2017-02-06 Thread Mattias Andrée
On Mon, 06 Feb 2017 15:50:04 -0800
evan.ga...@gmail.com (Evan Gates) wrote:

> Mattias Andrée  wrote:
> 
> > On Mon, 06 Feb 2017 15:05:32 -0800
> > evan.ga...@gmail.com (Evan Gates) wrote:
> >   
> > > Mattias Andrée  wrote:
> > >   
> > > > +   } else if (escapes[*r & 255]) {
> > > > +   *w++ = escapes[*r++ &
> > > > 255];
> > > 
> > > Why do you & 255 here? I think a cast to unsigned char
> > > would accomplish what you are trying to do and be more
> > > correct (as char can default to either signed or
> > > unsigned). Although I may misunderstand what is going
> > > on here.  
> > 
> > Yes. I used &255 because it's does clutter as much.  
> 
> OK. I'm going to change to a cast to be on the safe side
> due to the "implementation-defined and undefined aspects"
> mentioned in C99 6.5p4:
> 
> Some operators (the unary operator ~, and the binary
> operators <<, >>, &, ^, and |, collectively described as
> bitwise operators) are required to have operands that
> have integer type. These operators yield values that
> depend on the internal representations of integers, and
> have implementation-defined and undefined aspects for
> signed types.

Sure.

> 
> > > I think this is clearer, even though it adds a
> > > conditional:
> > > 
> > > q = q * 16 + isdigit(*r) ? *r - '0' : tolower(*r) -
> > > 'a' + 10;  
> > 
> > I think
> > 
> > if (isdigit(*r))
> > q = q * 16 + (*r - '0');
> > else
> > q = q * 16 + (tolower(*r) - 'a') + 10;
> > 
> > is clearer, or at least brackets around the ternary.  
> 
> You're right, the line was getting a bit long and
> convoluted with the ternary, bad habit of mine.
> 
> Another thought just came to mind, isoctal is a reserved
> name. 7.26p1:
> 
> The following names are grouped under individual headers
> for convenience. All external names described below are
> reserved no matter what headers are included by the
> program.
> 
> 7.26.2p1:
> 
> Function names that begin with either is or to, and a
> lowercase letter may be added to the declarations in the
>  header.
> 
> I don't know if it's worth being anal about that,
> especially as we have already limited ourselves to C99 do
> we need to worry about future directions?
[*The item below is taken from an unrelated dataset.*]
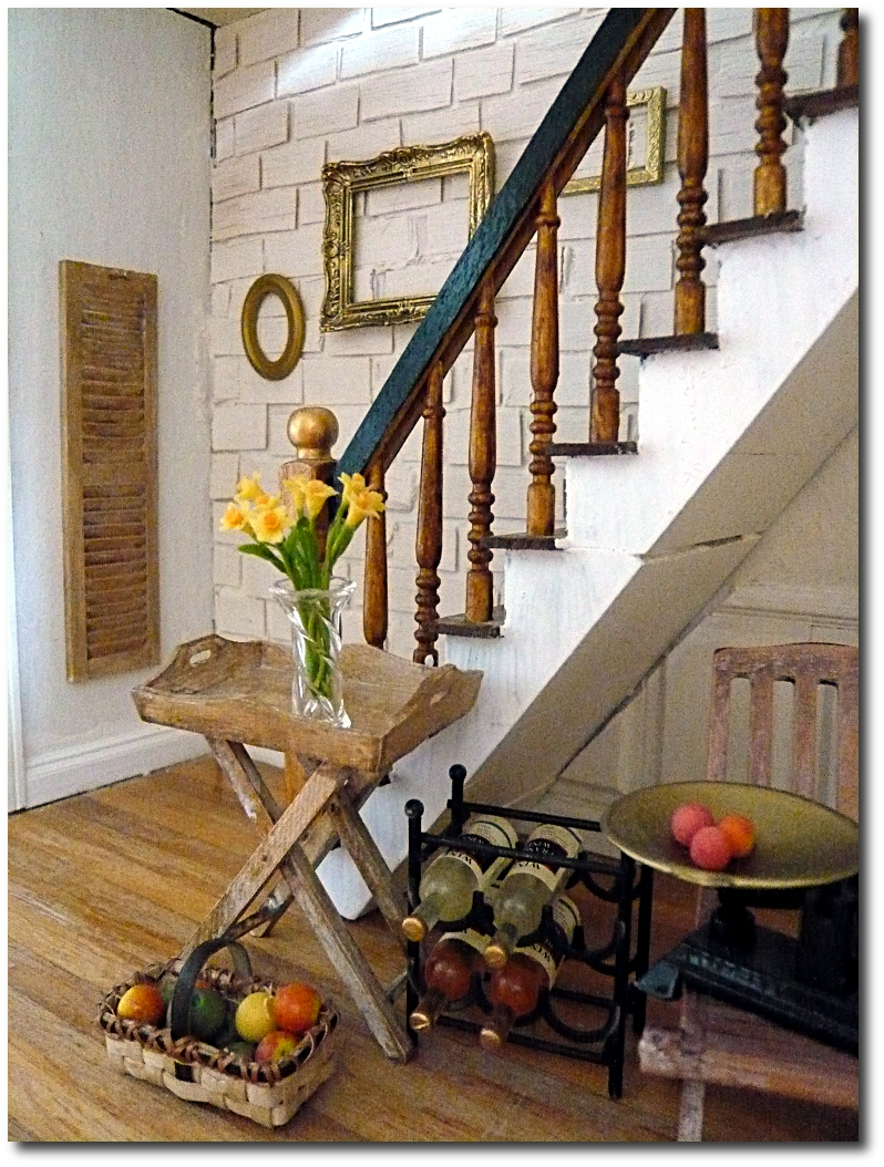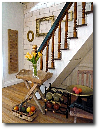 Parallel arbeite ich noch am Eingangsbereich im Erdgeschoss. Auch hier schleife ich etwas vom Glanz des Fu�bodens ab. Die Tapete entferne ich mehr oder weniger gut und streiche alles wei�. Den Treppenaufgang gestalte ich mit hellen "Steinen". Ich h�nge zwei Fensterl�den sowie Bilder bzw. Bilderrahmen, einen Spiegel und Garderobenhaken auf. Gef�llt mir gut.

For now I've
> changed isoctal() to is_odigit() but I'm open to
> discussion.

Sure, I didn't think about that, however, I think we can
be pretty confident that if isoctal is added, it will do
that same thing as that macro, is will not make a difference.
However, I think isodigit probably what such a function
will be called since there already is isxdigit, so why not
change it to is_odigit or ODIGIT.

> 
> Updated patch for consideration:
> 
> - 8< - 8< - 8< -
> From 30fd43d7f3b8716054eb9867c835aadc423f652c Mon Sep 17
> 00:00:00 2001 From: =?UTF-8?q?Mattias=20Andr=C3=A9e?=
>  Date: Sun, 5 Feb 2017 00:44:35 +0100
> Subject: [PATCH] libutil/unescape.c: simplify and add \E
> MIME-Version: 1.0
> Content-Type: text/plain; charset=UTF-8
> Content-Transfer-Encoding: 8bit
> 
> Signed-off-by: Mattias Andrée 
> ---
>  libutil/unescape.c | 101
> ++--- 1
> file changed, 42 insertions(+), 59 deletions(-)
> 
> diff --git a/libutil/unescape.c b/libutil/unescape.c
> index d1503e6..7523db3 100644
> --- a/libutil/unescape.c
> +++ b/libutil/unescape.c
> @@ -1,74 +1,57 @@
>  /* See LICENSE file for copyright and license details. */
> +#include 
>  #include 
>  
>  #include "../util.h"
>  
> +#define is_odigit(c)  ('0' <= c && c <= '7')
> +
>  size_t
>  unescape(char *s)
>  {
> - size_t len, i, off, m, factor, q;
> -
> - len = strlen(s);
> + static const char escapes[256] = {
> + ['"'] = '"',
> + ['\''] = '\'',
> + ['\\'] = '\\',
> + ['a'] = '\a',
> + ['b'] = '\b',
> + ['E'] = 033,
> + ['e'] = 033,
> + ['f'] = '\f',
> + ['n'] = '\n',
> + ['r'] = '\r',
> + ['t'] = '\t',
> + ['v'] = '\v'
> + };
> + size_t m, q;
> + char *r, *w;
>  
> - for (i = 0; i < len; i++) {
> - if (s[i] != '\\')
> + for (r = w = s; *r;) {
> + if (*r != '\\') {
> + *w++ = *r++;
>   continue;
> - off = 0;
> -
> - switch (s[i + 1]) {
> - case '\\': s[i] = '\\'; off++; break;
> - case '\'': s[i] = '\'', off++; break;
> - case '"':  s[i] =  '"', off++; break;
> - case 'a':  s[i] = '\a'; off++; break;
> - case 'b':  s[i] = '\b'; off++; break;
> - case 'e':  s[i] =  033; off++; break;
> - case 'f':  s[i] = '\f'; off++; break;
> - case 'n':  s[i] = '\n'; off++; break;
> - case 'r':  s[i] = '\r'; off++; break;
> - case 't':  s[i] = '\t'; off++; break;
> 

Re: Re: [hackers] [PATCH v3][sbase] libutil/unescape.c: simplify and add \E

2017-02-06 Thread Evan Gates
Mattias Andrée  wrote:

> On Mon, 06 Feb 2017 15:05:32 -0800
> evan.ga...@gmail.com (Evan Gates) wrote:
> 
> > Mattias Andrée  wrote:
> > 
> > > + } else if (escapes[*r & 255]) {
> > > + *w++ = escapes[*r++ & 255];  
> > 
> > Why do you & 255 here? I think a cast to unsigned char
> > would accomplish what you are trying to do and be more
> > correct (as char can default to either signed or
> > unsigned). Although I may misunderstand what is going on
> > here.
> 
> Yes. I used &255 because it's does clutter as much.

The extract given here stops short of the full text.